*** Begin section ***

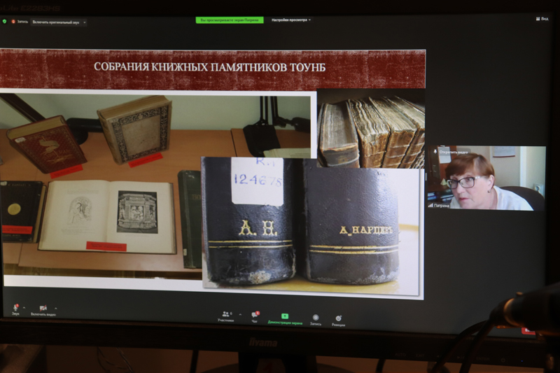 О деятельности Смоленской областной универсальной научной библиотеки им. А.Т. Твардовского в популяризации книжных памятников и редких книг рассказала по видеосвязи Елена Приставкина, заведующая сектором редких книг.
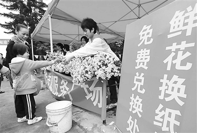 4月4日,在广西梧州仙风山墓园的“鲜花换纸钱”免费兑换处,志愿者将鲜花递给一位前来扫墓的小朋友。当日,广西梧州市青年志愿者在梧州市仙风山墓园举行“鲜花换纸钱”活动,志愿者们引导和劝服前来墓园扫墓的市民将祭拜用的纸钱、冥币、“元宝”等传统纸质祭祀品和香火蜡烛等物品换成鲜花,倡导文明环保祭祀。 新华社发(何鎏 摄)
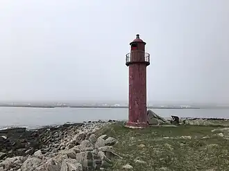 Le phare est une tour ronde métallique de 7 mètres de haut par 2 mètres de large[1] et entièrement peinte en rouge, avec devant la lanterne une étroite coursive extérieure. Il comportait un feu fixe et à deux secteurs rouge et blanc d'une portée de 7 milles[2].

*** End section ***

Task statement |
The response must repeat all the lines above exactly and include no pictures.

Completed task |
 О деятельности Смоленской областной универсальной научной библиотеки им. А.Т. Твардовского в популяризации книжных памятников и редких книг рассказала по видеосвязи Елена Приставкина, заведующая сектором редких книг.
 4月4日,在广西梧州仙风山墓园的“鲜花换纸钱”免费兑换处,志愿者将鲜花递给一位前来扫墓的小朋友。当日,广西梧州市青年志愿者在梧州市仙风山墓园举行“鲜花换纸钱”活动,志愿者们引导和劝服前来墓园扫墓的市民将祭拜用的纸钱、冥币、“元宝”等传统纸质祭祀品和香火蜡烛等物品换成鲜花,倡导文明环保祭祀。 新华社发(何鎏 摄)
 Le phare est une tour ronde métallique de 7 mètres de haut par 2 mètres de large[1] et entièrement peinte en rouge, avec devant la lanterne une étroite coursive extérieure. Il comportait un feu fixe et à deux secteurs rouge et blanc d'une portée de 7 milles[2].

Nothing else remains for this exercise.